WORK TASK
All that should come back is the lines of the data below from the one containing "为深入学习贯彻党的二十届四中" to the one containing "Работать с акварелью", inclusive, exactly as they stand.

THE DATA
◆ ◆ ◆ ◆

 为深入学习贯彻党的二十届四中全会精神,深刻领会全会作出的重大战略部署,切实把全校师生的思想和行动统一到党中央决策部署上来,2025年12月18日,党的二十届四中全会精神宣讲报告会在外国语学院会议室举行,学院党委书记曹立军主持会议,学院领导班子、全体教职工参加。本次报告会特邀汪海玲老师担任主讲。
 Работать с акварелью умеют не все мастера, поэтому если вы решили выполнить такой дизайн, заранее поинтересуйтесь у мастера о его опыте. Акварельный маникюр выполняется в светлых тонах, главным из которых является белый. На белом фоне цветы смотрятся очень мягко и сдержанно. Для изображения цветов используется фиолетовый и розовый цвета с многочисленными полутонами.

◆ ◆ ◆ ◆

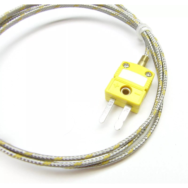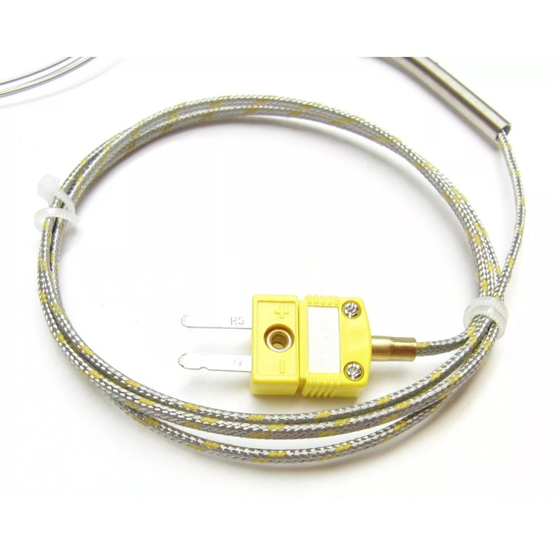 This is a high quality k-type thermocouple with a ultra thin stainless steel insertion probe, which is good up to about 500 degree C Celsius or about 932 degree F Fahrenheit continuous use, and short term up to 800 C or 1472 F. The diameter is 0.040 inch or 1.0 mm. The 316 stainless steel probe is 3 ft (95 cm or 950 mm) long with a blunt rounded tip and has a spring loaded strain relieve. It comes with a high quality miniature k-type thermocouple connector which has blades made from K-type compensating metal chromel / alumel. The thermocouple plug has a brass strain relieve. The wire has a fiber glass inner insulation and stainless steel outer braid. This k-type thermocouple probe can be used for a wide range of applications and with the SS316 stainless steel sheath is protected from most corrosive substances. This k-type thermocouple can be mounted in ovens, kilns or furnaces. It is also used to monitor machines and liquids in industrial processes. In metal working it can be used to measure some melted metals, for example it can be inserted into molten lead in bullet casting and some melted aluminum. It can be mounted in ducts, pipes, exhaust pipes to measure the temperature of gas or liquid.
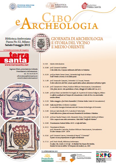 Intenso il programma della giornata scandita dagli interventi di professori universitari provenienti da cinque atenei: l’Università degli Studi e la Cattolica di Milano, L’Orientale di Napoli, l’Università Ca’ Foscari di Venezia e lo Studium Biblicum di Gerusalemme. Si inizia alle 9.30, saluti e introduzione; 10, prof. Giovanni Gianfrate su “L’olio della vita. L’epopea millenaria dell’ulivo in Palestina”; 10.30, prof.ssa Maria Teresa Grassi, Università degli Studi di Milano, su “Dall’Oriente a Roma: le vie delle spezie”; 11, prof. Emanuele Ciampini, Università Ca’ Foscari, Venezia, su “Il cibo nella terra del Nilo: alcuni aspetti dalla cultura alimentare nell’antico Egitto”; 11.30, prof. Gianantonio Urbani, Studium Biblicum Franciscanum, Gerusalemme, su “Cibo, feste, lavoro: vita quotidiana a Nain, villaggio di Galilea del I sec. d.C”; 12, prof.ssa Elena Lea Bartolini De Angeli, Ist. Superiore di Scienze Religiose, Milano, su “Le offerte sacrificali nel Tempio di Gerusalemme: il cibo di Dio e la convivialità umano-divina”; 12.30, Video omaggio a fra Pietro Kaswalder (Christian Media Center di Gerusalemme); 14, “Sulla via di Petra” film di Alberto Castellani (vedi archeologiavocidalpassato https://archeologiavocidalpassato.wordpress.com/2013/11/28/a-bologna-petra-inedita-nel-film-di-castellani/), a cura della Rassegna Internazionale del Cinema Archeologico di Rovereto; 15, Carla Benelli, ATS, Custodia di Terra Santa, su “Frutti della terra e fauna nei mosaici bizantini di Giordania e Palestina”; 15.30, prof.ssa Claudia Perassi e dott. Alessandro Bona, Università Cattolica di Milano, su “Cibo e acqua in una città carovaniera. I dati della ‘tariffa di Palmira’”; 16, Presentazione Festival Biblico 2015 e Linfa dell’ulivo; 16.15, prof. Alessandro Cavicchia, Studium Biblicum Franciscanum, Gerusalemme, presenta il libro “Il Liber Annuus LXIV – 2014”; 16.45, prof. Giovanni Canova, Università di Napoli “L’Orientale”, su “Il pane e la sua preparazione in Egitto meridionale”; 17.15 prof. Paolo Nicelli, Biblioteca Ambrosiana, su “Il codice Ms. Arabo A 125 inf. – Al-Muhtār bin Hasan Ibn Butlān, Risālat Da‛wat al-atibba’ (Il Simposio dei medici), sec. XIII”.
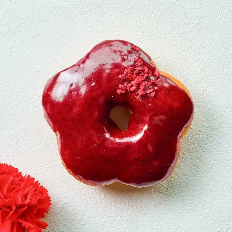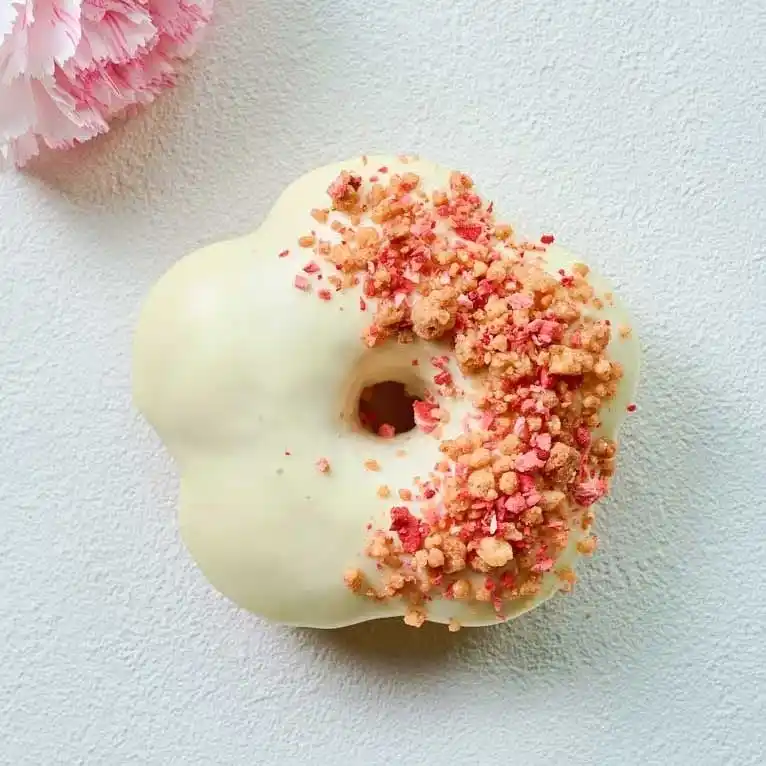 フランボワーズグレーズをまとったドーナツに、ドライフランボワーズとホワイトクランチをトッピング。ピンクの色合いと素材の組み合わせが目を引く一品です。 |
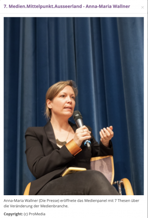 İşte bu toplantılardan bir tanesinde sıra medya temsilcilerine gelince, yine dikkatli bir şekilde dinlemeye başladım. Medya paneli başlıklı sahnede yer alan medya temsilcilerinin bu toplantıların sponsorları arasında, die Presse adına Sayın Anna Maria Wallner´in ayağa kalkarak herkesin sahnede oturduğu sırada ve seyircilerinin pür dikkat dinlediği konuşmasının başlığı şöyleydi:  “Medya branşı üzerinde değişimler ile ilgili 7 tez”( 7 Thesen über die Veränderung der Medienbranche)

◆ ◆ ◆ ◆

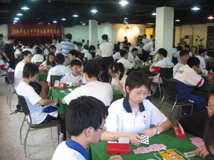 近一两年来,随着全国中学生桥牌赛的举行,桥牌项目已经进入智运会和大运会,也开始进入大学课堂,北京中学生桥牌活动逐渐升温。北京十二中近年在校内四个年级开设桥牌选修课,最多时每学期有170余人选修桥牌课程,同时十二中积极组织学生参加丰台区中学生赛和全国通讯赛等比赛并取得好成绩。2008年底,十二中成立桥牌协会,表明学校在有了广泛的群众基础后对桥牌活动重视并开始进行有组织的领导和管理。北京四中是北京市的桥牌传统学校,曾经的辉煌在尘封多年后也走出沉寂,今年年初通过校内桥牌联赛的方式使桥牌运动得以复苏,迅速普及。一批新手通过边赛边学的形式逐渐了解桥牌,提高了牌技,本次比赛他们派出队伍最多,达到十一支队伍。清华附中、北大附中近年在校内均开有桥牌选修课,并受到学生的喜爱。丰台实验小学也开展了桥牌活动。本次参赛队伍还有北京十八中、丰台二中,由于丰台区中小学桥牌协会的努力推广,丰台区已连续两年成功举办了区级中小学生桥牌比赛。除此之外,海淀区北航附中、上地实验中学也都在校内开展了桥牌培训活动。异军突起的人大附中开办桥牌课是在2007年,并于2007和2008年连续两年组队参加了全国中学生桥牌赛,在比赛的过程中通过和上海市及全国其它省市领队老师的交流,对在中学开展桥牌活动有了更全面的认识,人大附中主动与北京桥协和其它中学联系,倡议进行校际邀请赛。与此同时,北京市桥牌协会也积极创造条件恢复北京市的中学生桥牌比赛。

◆ ◆ ◆ ◆

EXERCISE RESULT
 为深入学习贯彻党的二十届四中全会精神,深刻领会全会作出的重大战略部署,切实把全校师生的思想和行动统一到党中央决策部署上来,2025年12月18日,党的二十届四中全会精神宣讲报告会在外国语学院会议室举行,学院党委书记曹立军主持会议,学院领导班子、全体教职工参加。本次报告会特邀汪海玲老师担任主讲。
 Работать с акварелью умеют не все мастера, поэтому если вы решили выполнить такой дизайн, заранее поинтересуйтесь у мастера о его опыте. Акварельный маникюр выполняется в светлых тонах, главным из которых является белый. На белом фоне цветы смотрятся очень мягко и сдержанно. Для изображения цветов используется фиолетовый и розовый цвета с многочисленными полутонами.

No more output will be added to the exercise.